----- Dataset extract
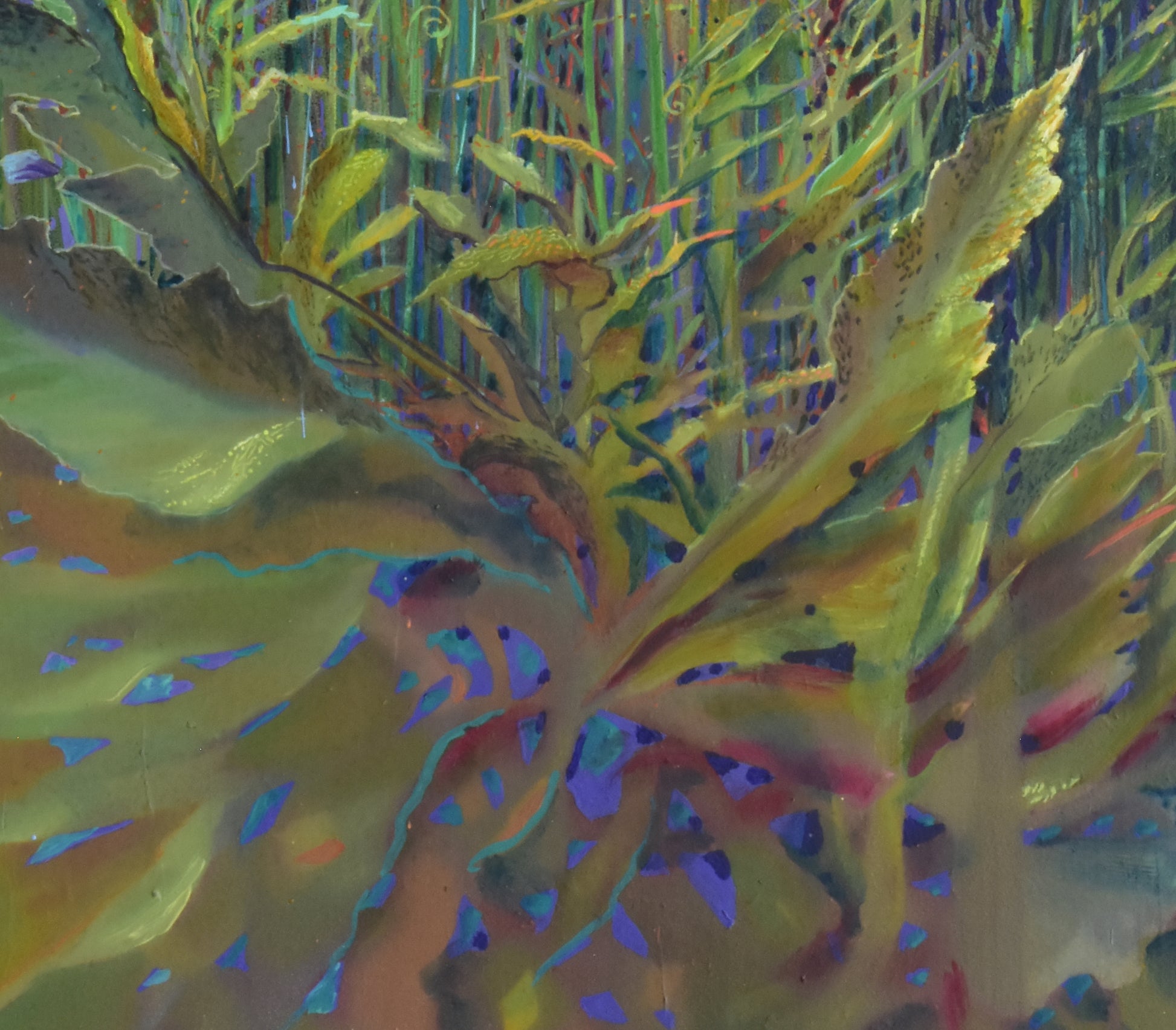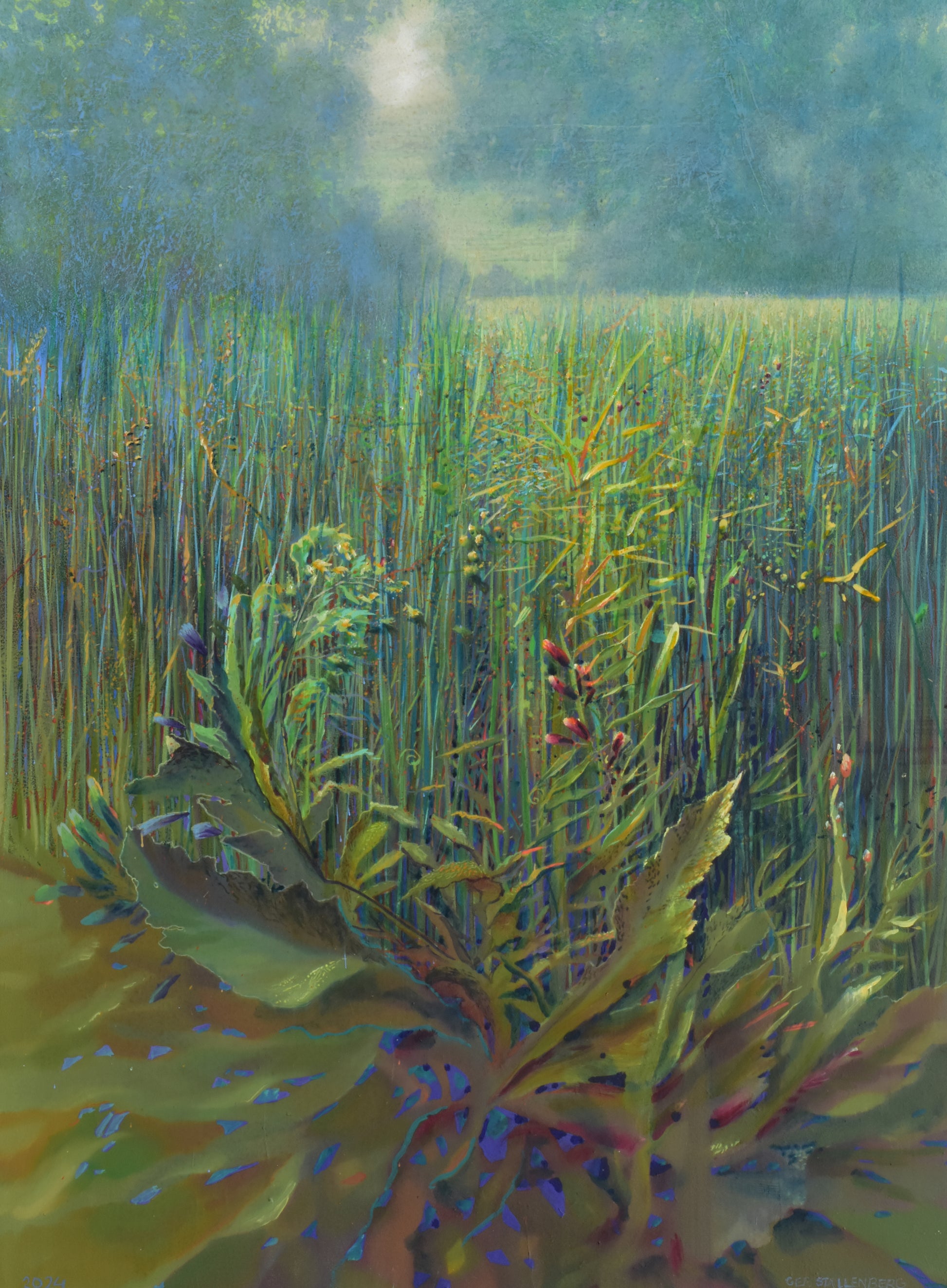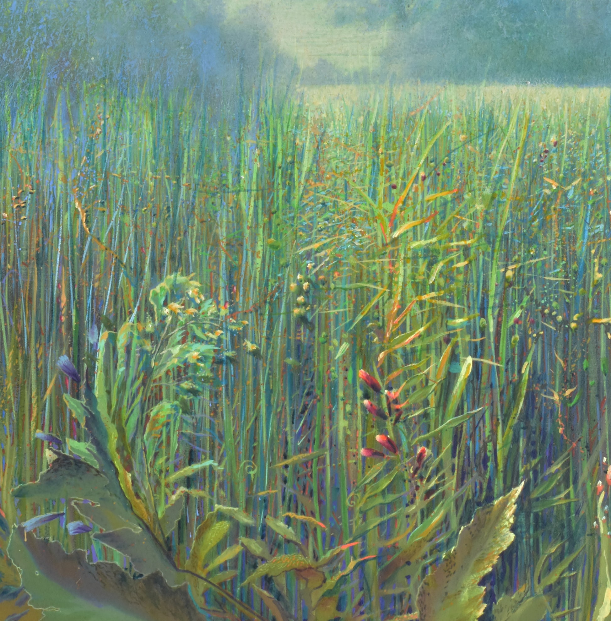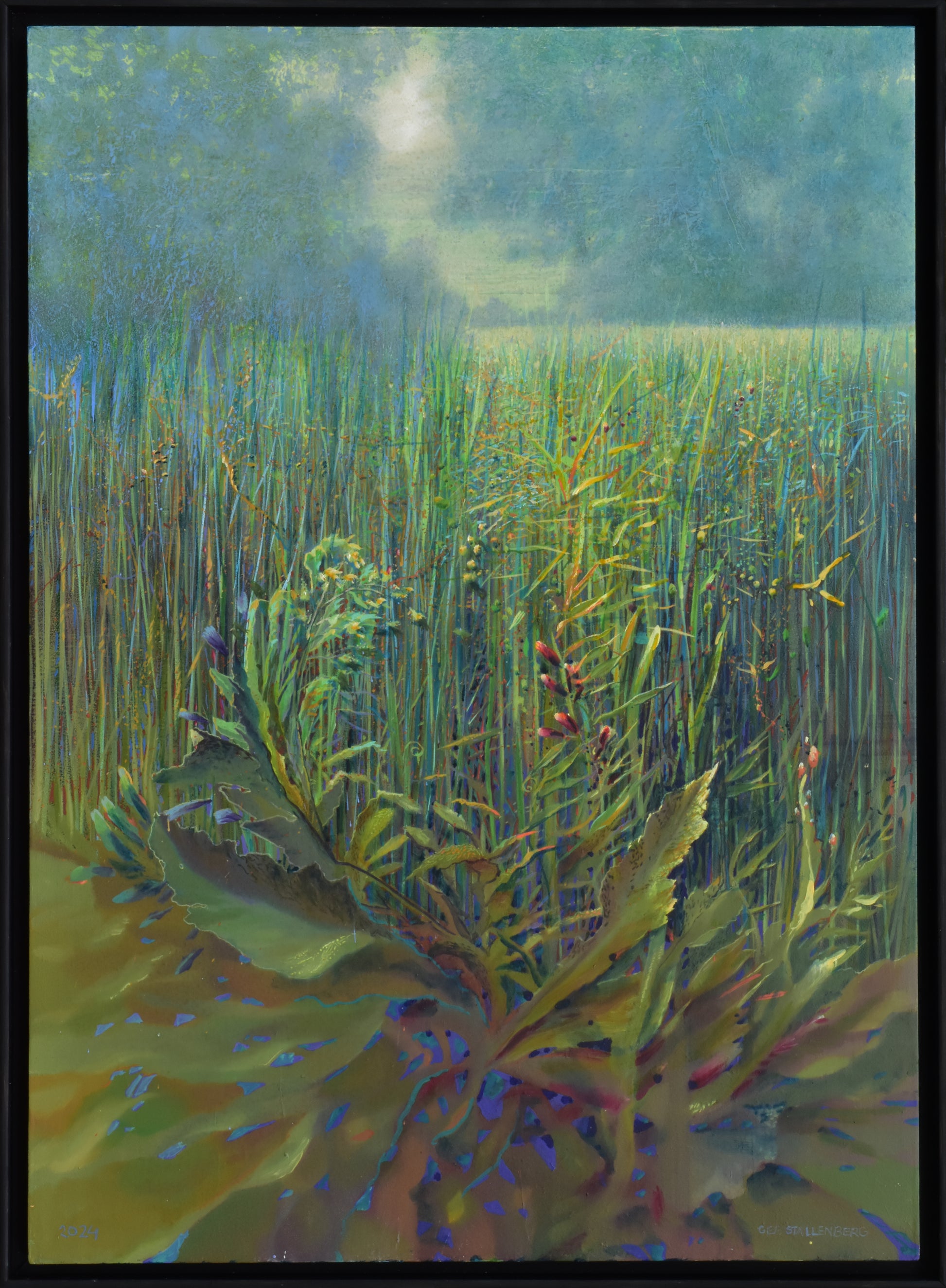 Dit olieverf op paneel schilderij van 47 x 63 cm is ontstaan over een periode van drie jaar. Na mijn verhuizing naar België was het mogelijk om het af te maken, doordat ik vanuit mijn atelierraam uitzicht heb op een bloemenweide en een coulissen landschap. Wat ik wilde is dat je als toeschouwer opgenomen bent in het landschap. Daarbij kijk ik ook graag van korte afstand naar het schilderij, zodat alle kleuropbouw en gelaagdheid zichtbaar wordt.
----------
----- Dataset extract
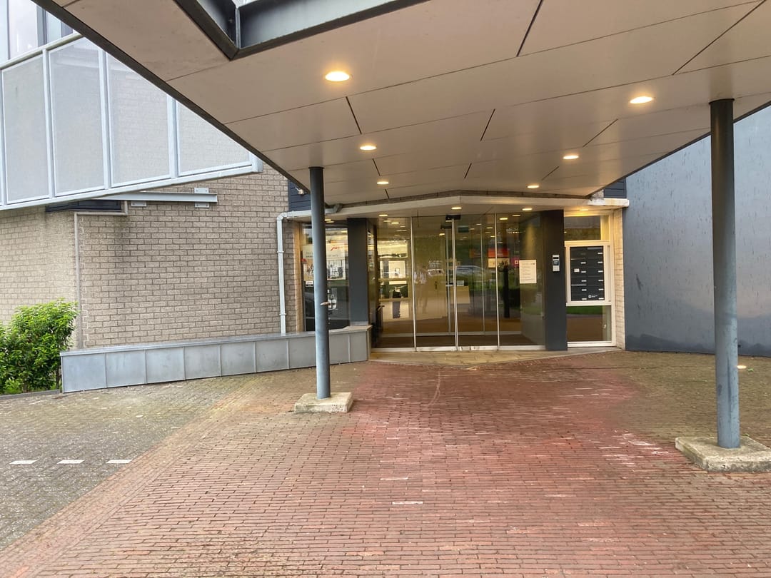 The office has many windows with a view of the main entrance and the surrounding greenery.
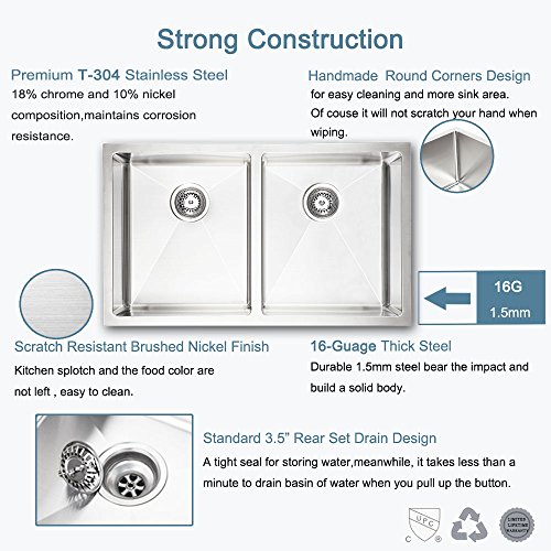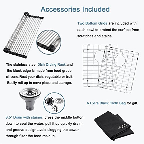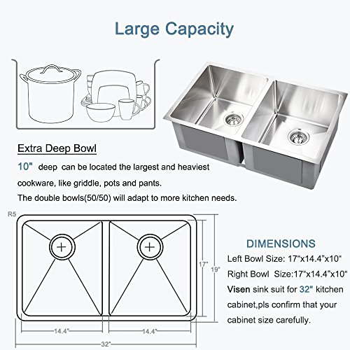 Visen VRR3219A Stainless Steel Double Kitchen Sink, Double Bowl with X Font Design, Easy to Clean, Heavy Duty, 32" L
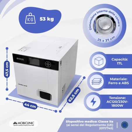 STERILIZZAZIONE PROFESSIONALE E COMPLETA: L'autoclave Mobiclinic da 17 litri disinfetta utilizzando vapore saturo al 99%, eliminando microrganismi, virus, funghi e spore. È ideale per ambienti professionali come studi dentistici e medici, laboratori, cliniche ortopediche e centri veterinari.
----------
----- Dataset extract
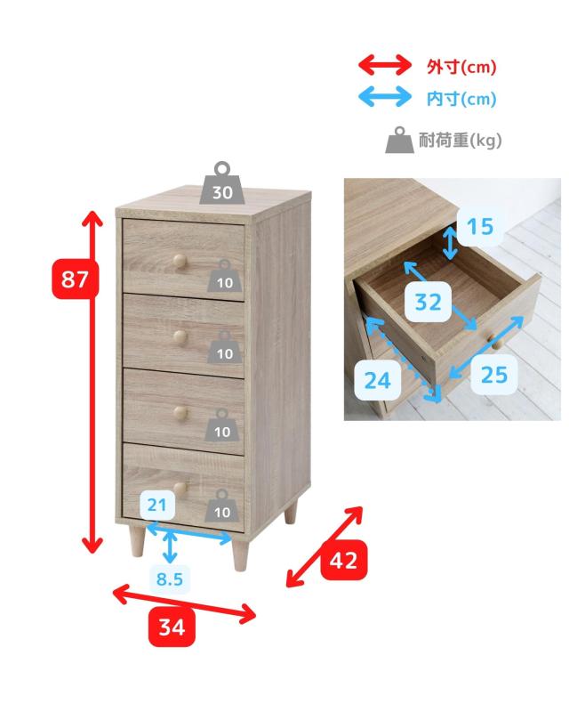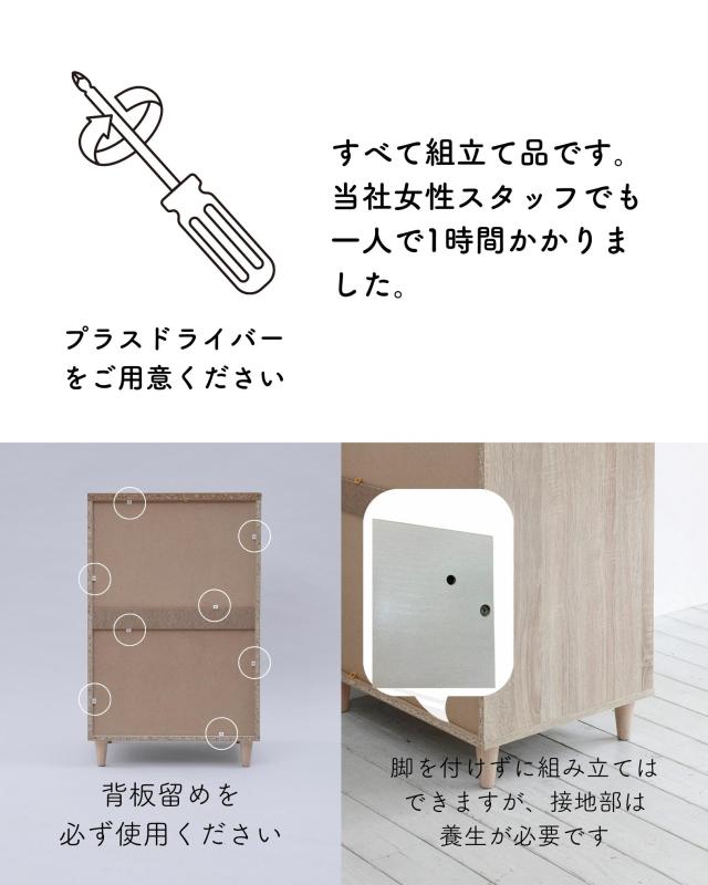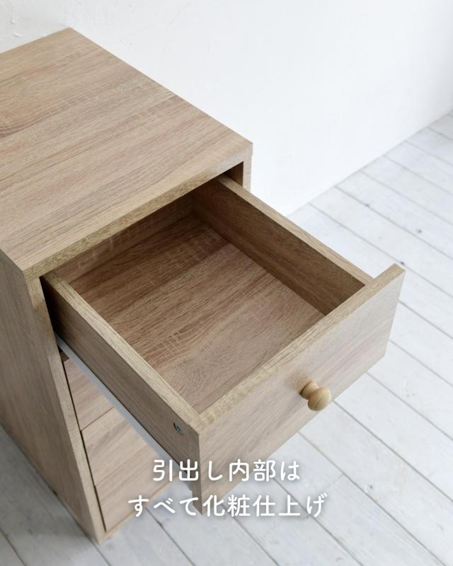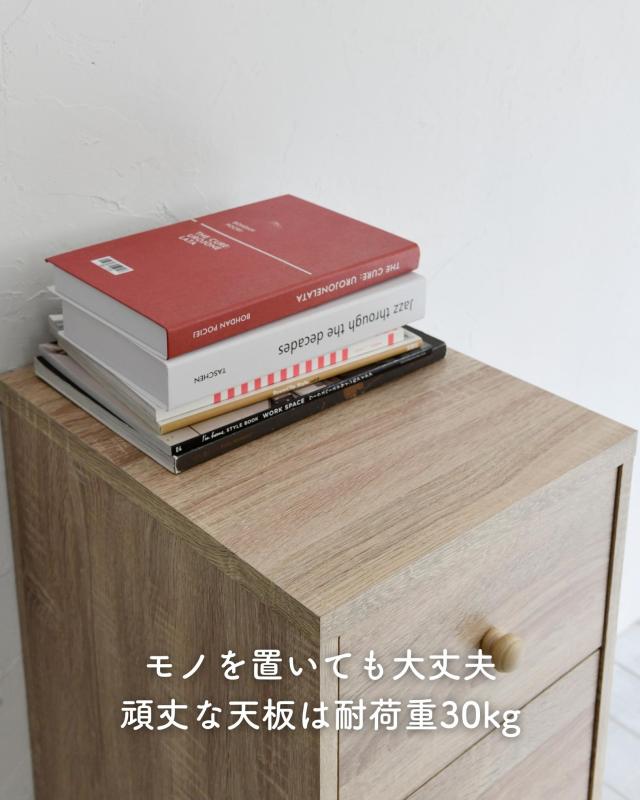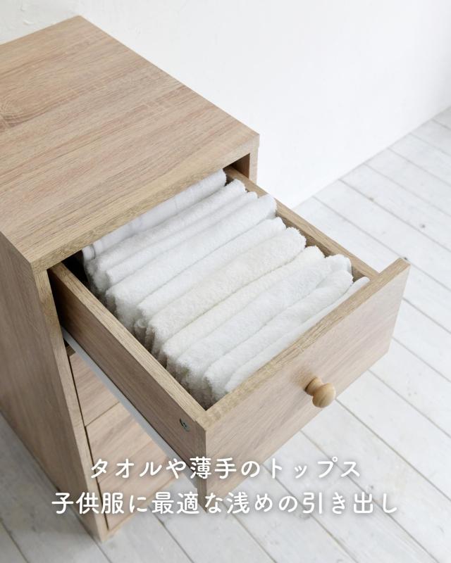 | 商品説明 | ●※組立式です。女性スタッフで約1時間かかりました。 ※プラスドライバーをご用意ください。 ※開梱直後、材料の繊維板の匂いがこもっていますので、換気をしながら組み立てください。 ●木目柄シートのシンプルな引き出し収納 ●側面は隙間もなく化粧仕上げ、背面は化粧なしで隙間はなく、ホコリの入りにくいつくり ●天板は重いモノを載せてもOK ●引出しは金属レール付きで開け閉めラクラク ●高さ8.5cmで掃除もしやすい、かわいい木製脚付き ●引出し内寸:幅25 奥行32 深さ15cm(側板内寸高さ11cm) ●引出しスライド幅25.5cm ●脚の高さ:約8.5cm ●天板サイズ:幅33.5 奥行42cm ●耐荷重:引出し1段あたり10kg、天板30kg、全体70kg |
----------
#### Exercise prompt:
Transcribe, from the material above, the stretch starting at the line with "The office has" and ending at the line with "Visen VRR3219A Stainless", both included, exactly. Do not carry over pictures.

#### Solution for this exercise:
 The office has many windows with a view of the main entrance and the surrounding greenery.
 Visen VRR3219A Stainless Steel Double Kitchen Sink, Double Bowl with X Font Design, Easy to Clean, Heavy Duty, 32" L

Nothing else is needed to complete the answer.